ABOUT THE SAME TIME. OVER EASTERN OHIO. 11:30 A.M. EST. TUESDAY. OCTOBER 29.
It was being a morning for superlatives. As he’d ridden in the candidate caravan to the Dubuque airport, Chris Manckiewicz had received a text from Anne telling him he was getting Cletus’s old title and the biggest raise of his career. Plus he’d just finished an exclusive with the now-probable winner one week before the election. Of course, it did happen on board the Low on Taxes, High on Jesus Express , the dumbest name ever come up with for a campaign plane.

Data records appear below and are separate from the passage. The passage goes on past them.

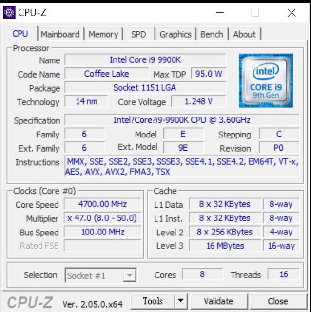 1. CPU:Intel i9-9900K
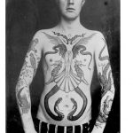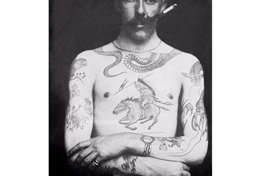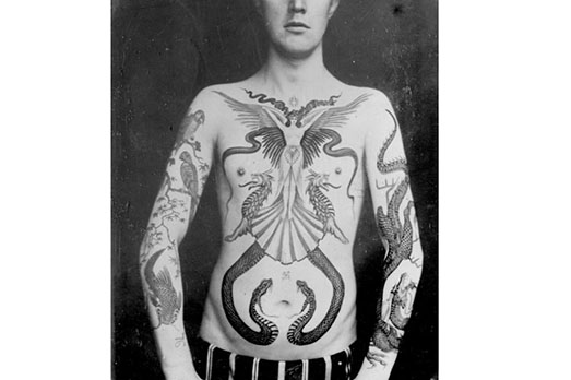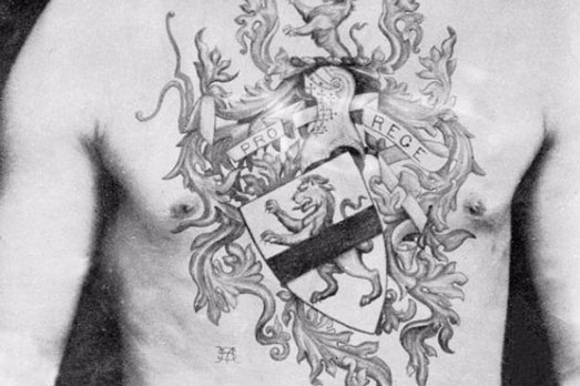 Fino all’8 gennaio 2018 il National Maritime Museum Cornwall ospita “Tattoo: British Tattoo Art Revealed”, esposizione che ripercorre la storia del tatuaggio nel Regno Unito attraverso più di 400 opere d’arte, fotografie e manufatti storici. Uno dei protagonisti della mostra è Sutherland Macdonald, considerato il primo tatuatore professionista del Paese. La moda del tatuaggio nell’Inghilterra vittoriana iniziò dopo che l’equipaggio dell’esploratore James Cook, durante un viaggio nel sud del Pacifico, entrò in contatto con l’usanza polinesiana di decorare la pelle con l’inchiostro. Macdonald iniziò a tatuare nel 1880 mentre era di servizio nell’esercito britannico, nel 1894 ricevette un brevetto ufficiale per poter utilizzare la macchinetta elettrica che aveva inventato, e dopo pochi anni aprì uno studio a Londra, al 76 di Jermyn Street ufficializzando così una nuova categoria professionale, quella del tattoist, un incrocio tra le parole tattoo e artist. Nel corso della sua attività sperimentò varie tecniche, usò utensili e strumenti giapponesi in avorio per ottenere degli effetti particolari, e fu uno dei primi ad adoperare il blu e il verde per colorare i suoi lavori. Ebbe anche una clientela d’elite, che comprese aristocratici, teste coronate come i re di Norvegia e Danimarca, e i figli della regina Vittoria. Ecco alcune fotografie che mostrano i lavori più elaborati di Macdonald, pioniere dell’arte del tatuaggio. (NG)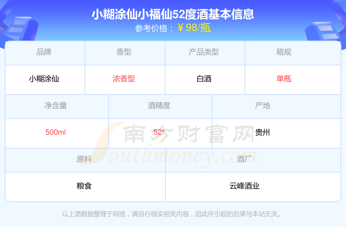 小糊涂仙小福仙52度基本信息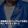 PUレザー生地を使った高級感ある印象を与えつつも、カジュアルな雰囲気も併せ持つデザインのダブルライダースジャケット。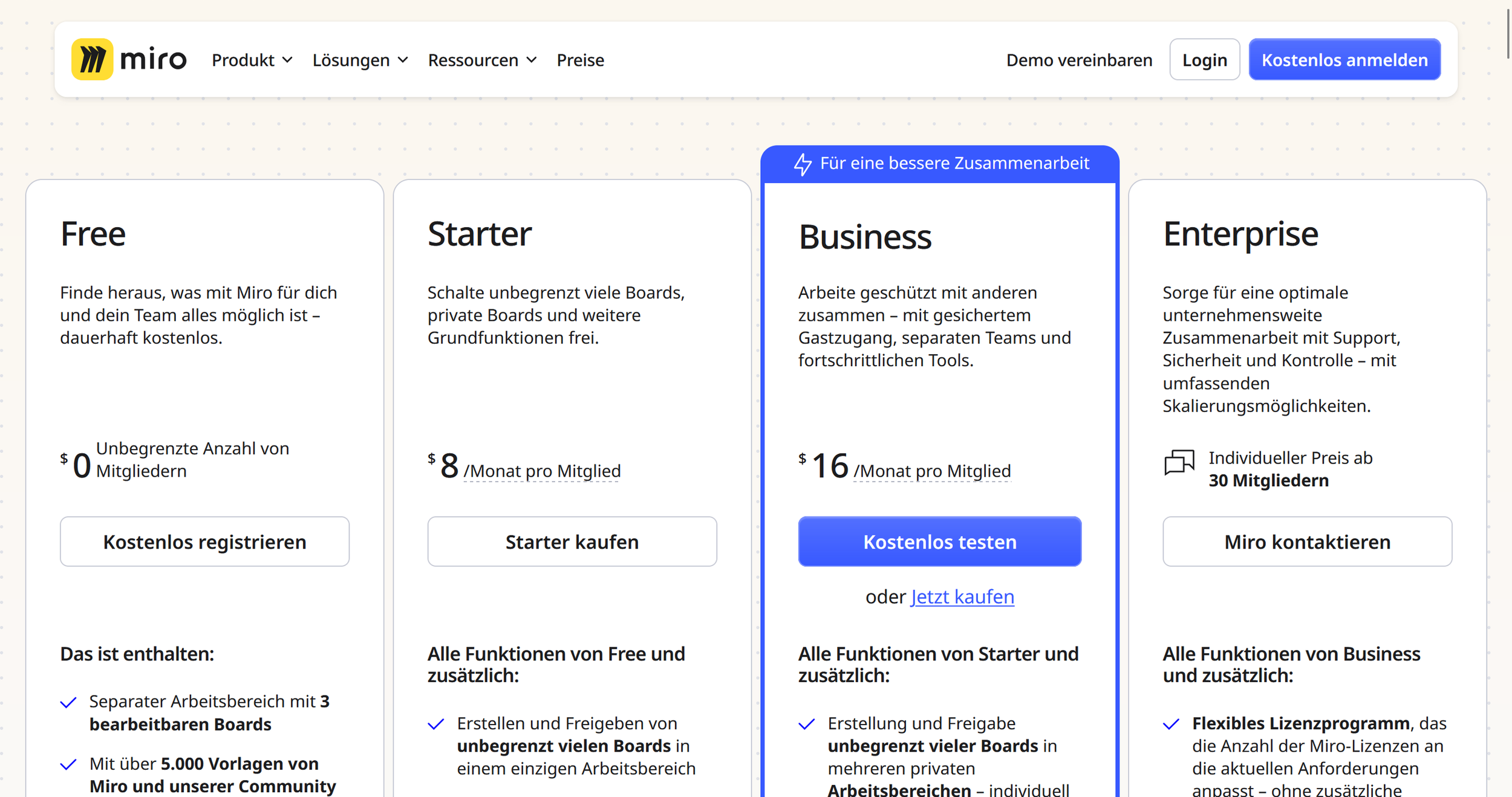 Der Starter-Plan kostet 8 Euro pro Benutzer monatlich bei jährlicher Zahlung und bietet unbegrenzte Boards sowie erweiterte Kollaborations-Features.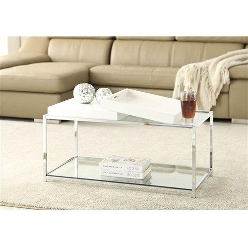 This Modern Chrome Metal Coffee Table with 2 White Removable Trays combines urban design and multi-function use. the palm beach coffee table features two removable white trays that can be reversed to use as a flat surface or as serving trays. clear tempered glass table top allows use of coffee table with or without trays.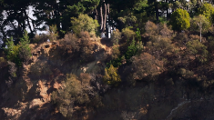 towards the edge of the cliff. Loose rocks start falling down the side of the cliff as they continue fighting with each other, before a terrible scream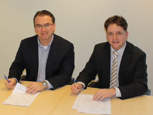 De contracttekening tussen Document Dialog en ReadSoft met links Gert-Jan de Vries (ReadSoft) en rechts Dennis Koorn (Document Dialog)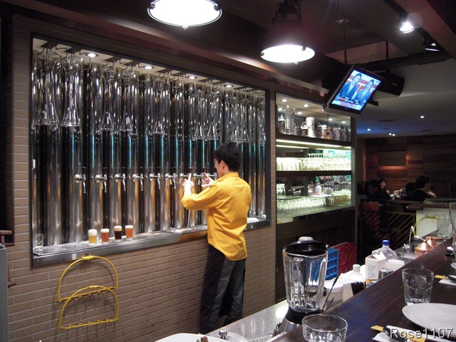 吧檯的帥哥~手腳俐落的倒著啤酒……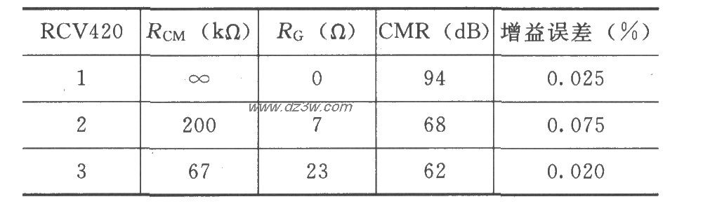 如图所示,RCM和RG分别用于提供一阶CMR和增益误差的修正。当3个RCV420重叠使用时,下表给出了典型的RCM、RG的阻值,以及没有修正的典型CMR和增益误差。如需进一步改进CMR和增益误差,可将RCM和RG用500kΩ电位器细调。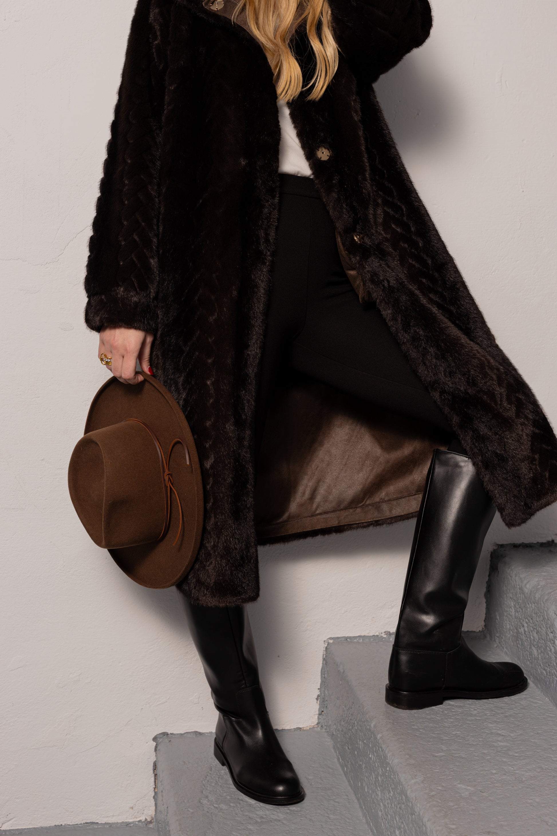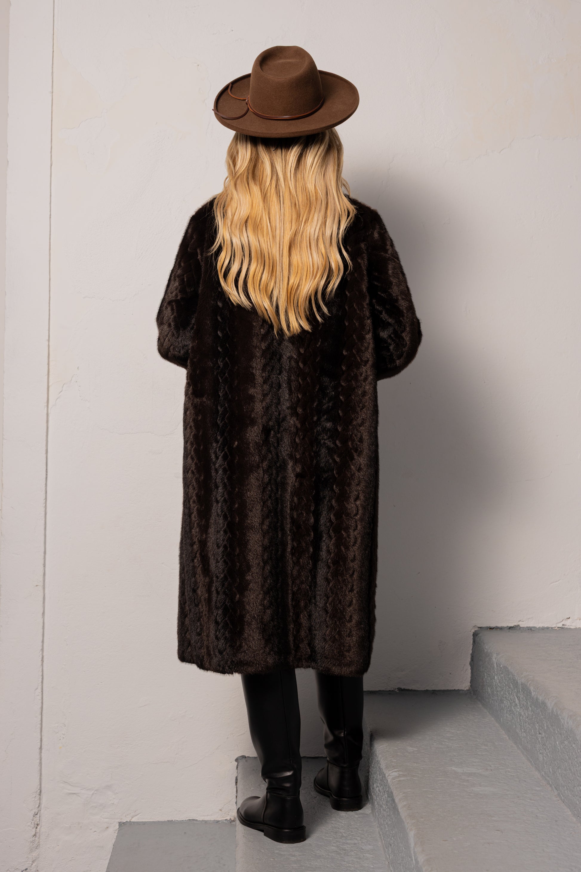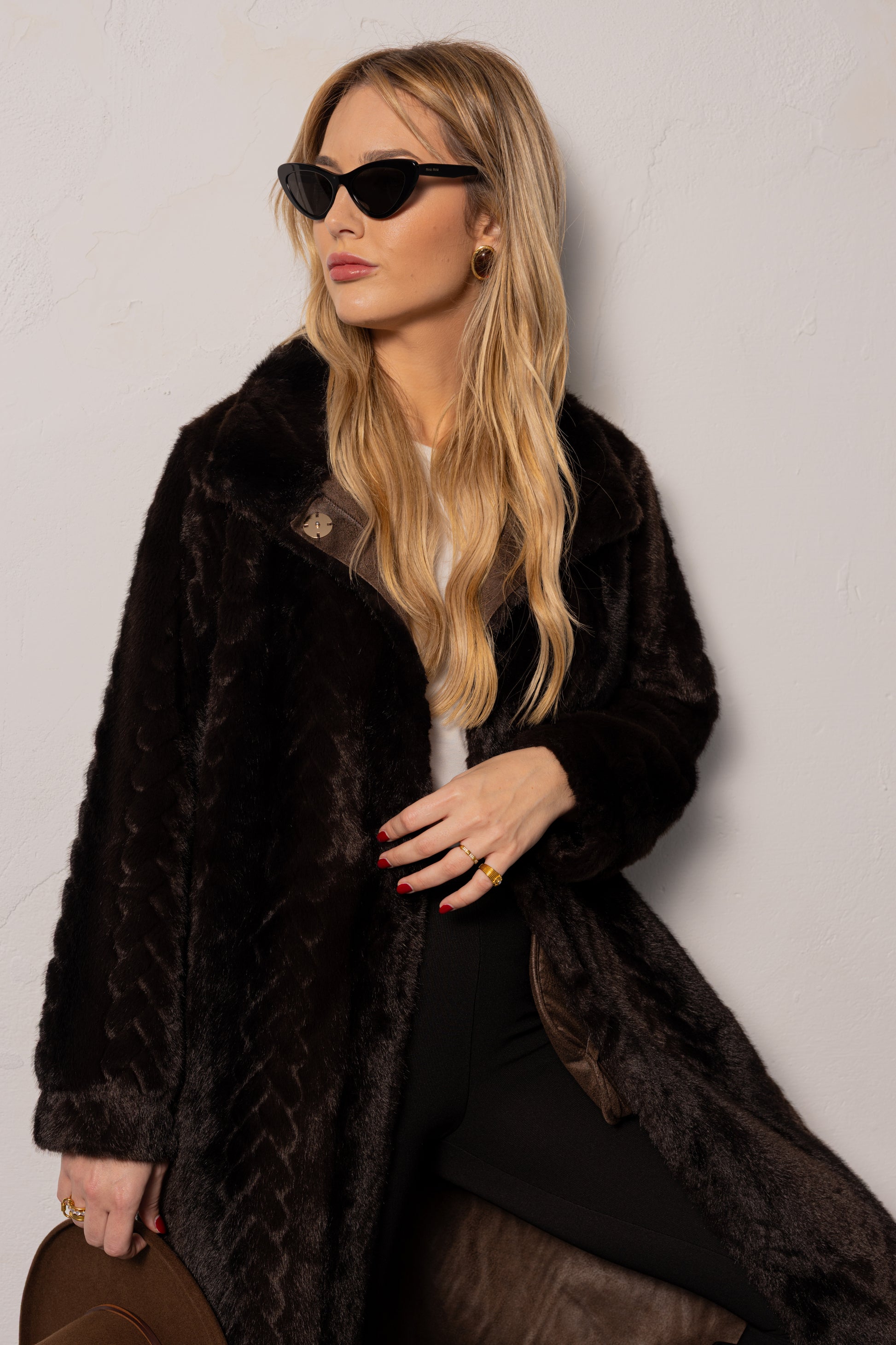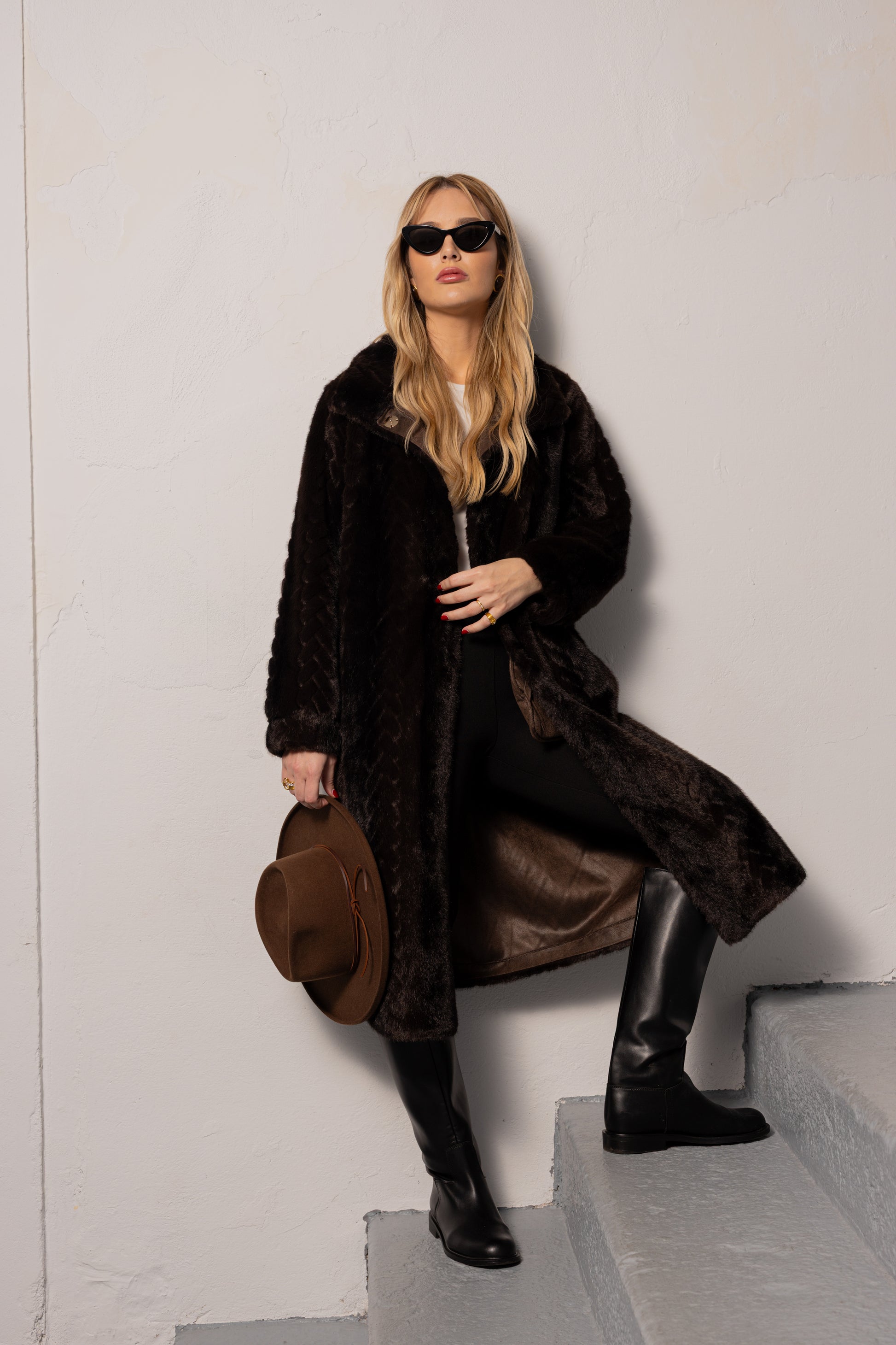 Casaco comprido em pelo sintético com textura trabalhada em padrão geométrico subtil. Corte reto com gola larga e botões frontais Forro contrastante em camurça.

Norcross urged him to “ask the tough ones, Chris. My polling people tell me thirty million people will vote for me on election day and hate themselves for it a month later—and hate me twice as much. I have to make them feel okay about this, because it’s their country too, and just their bad luck that they’re getting me for a president. If you don’t hit me with hard questions now, and give me a chance to say the right things, they’re never going to have a chance to give me a chance.”
So Chris had asked about the Christian Bill of Rights. Norcross had said, “Yes, it is my belief that the Christian religion has a special place in American culture and we should codify that, but that is not what people are going to elect me to do, so I won’t act on it while our country is in danger, nor try to slip it in without adequate debate while the country is busy trying to survive.”
He was equally blunt about everything else. Tax cuts? “Of course I want to do that. Everyone in office does. But just now we have no clue what shape the economy will be in or what actions the government will need to take; we’ll just have to see.”
Obscenity? “Well, I’m not for it, but when I’m worried about how nearly four hundred million people are going to make it through the winter, I’d be pretty silly to think the biggest thing we had to cope with was naked ladies. When everyone is warm, has a job, and can eat, then yes, there are spiritual issues I want to address.”
At the end of it, Chris thought, My camera, my editing: the first draft of how a president formed out of an obscure nutcase senator.
He worked quickly and well, slapping camera cuts into place, cutting stammers, nervous laughter, and trail-offs. Someday, people will point at my work and say, that’s why he became President.